EXERCISE OBJECTIVE:
From the line containing "En la firma" to the end of the data, retype every line exactly and nothing else. Drop the pictures.

Top of INPUT DATA

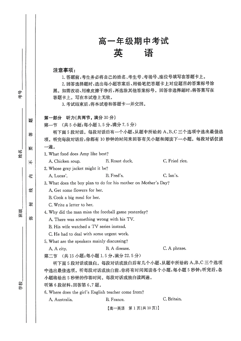 河北省唐山市2024-2025学年高一上学期期中考试 英语
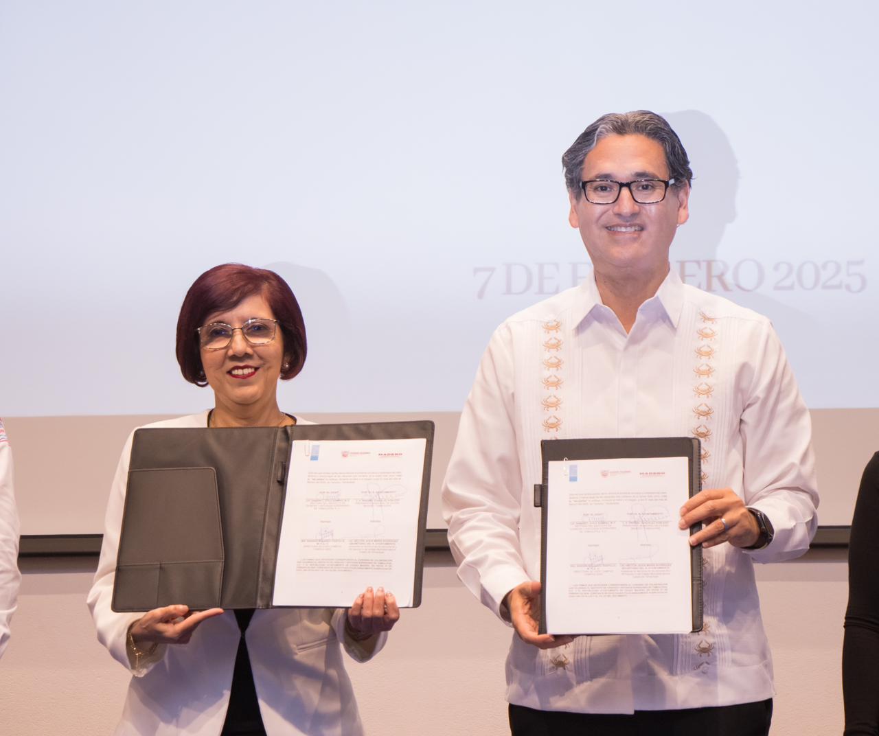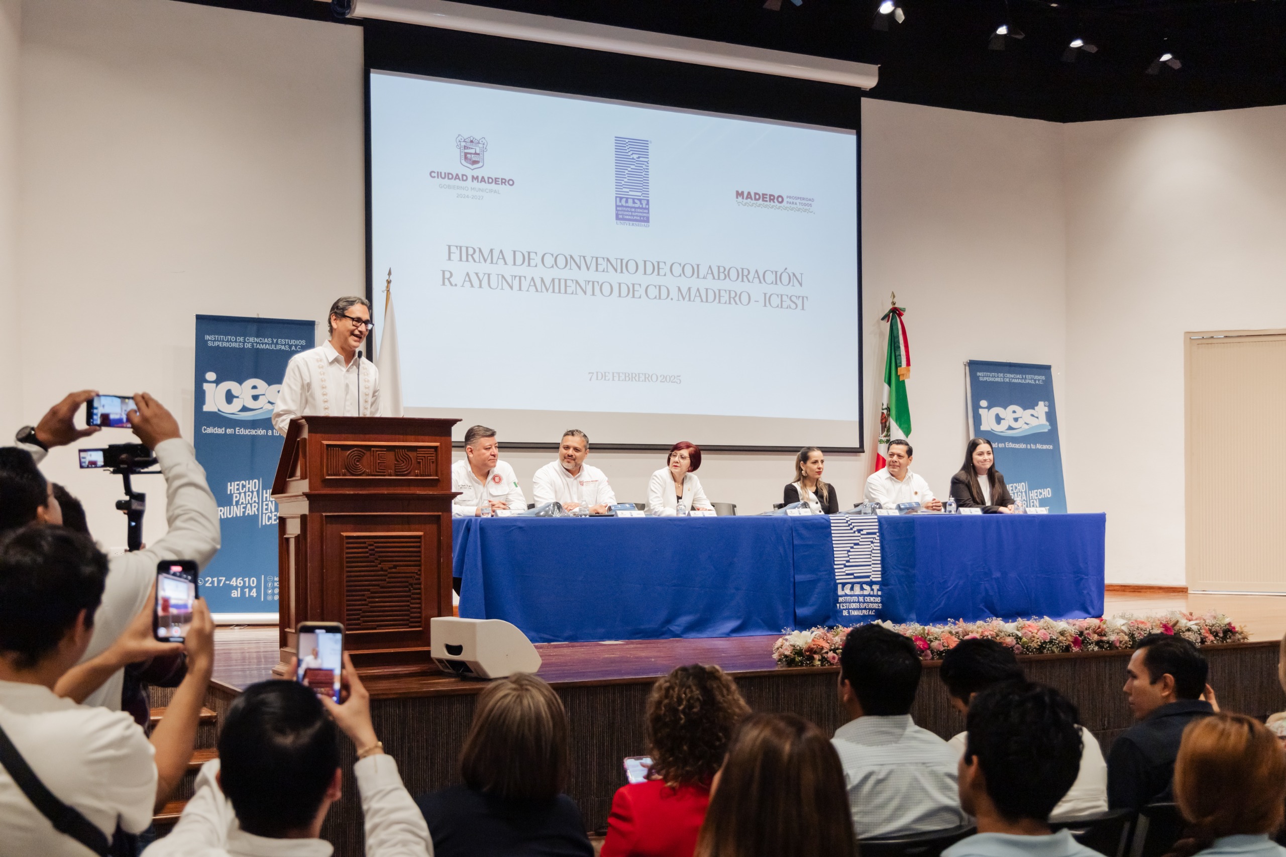 En la firma de convenio estuvieron los diputados del Congreso local Claudio de Leija Hinojosa y Adrián Cruz Martínez; Lic. Héctor Marín Rodríguez, secretario de la comuna maderense; Sandra Inguanzo Castillo, directora del ICEST Campus Tampico 2000; Lic. Lilia Alicia Hernández Pacheco, directora de la Escuela Primaria y Secundaria Pedro de Gante; además de los síndicos Alicia Lerma Cervantes y Roberto Chávez Gutiérrez.
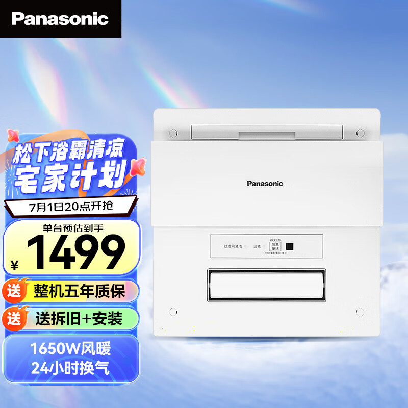 松下(Panasonic)风暖浴霸 浴霸暖风排气一体 通用吊顶式 FV-RB16E1珍珠白价格:1799.00元!

Bottom of INPUT DATA

FINISHED TASK:
 En la firma de convenio estuvieron los diputados del Congreso local Claudio de Leija Hinojosa y Adrián Cruz Martínez; Lic. Héctor Marín Rodríguez, secretario de la comuna maderense; Sandra Inguanzo Castillo, directora del ICEST Campus Tampico 2000; Lic. Lilia Alicia Hernández Pacheco, directora de la Escuela Primaria y Secundaria Pedro de Gante; además de los síndicos Alicia Lerma Cervantes y Roberto Chávez Gutiérrez.
 松下(Panasonic)风暖浴霸 浴霸暖风排气一体 通用吊顶式 FV-RB16E1珍珠白价格:1799.00元!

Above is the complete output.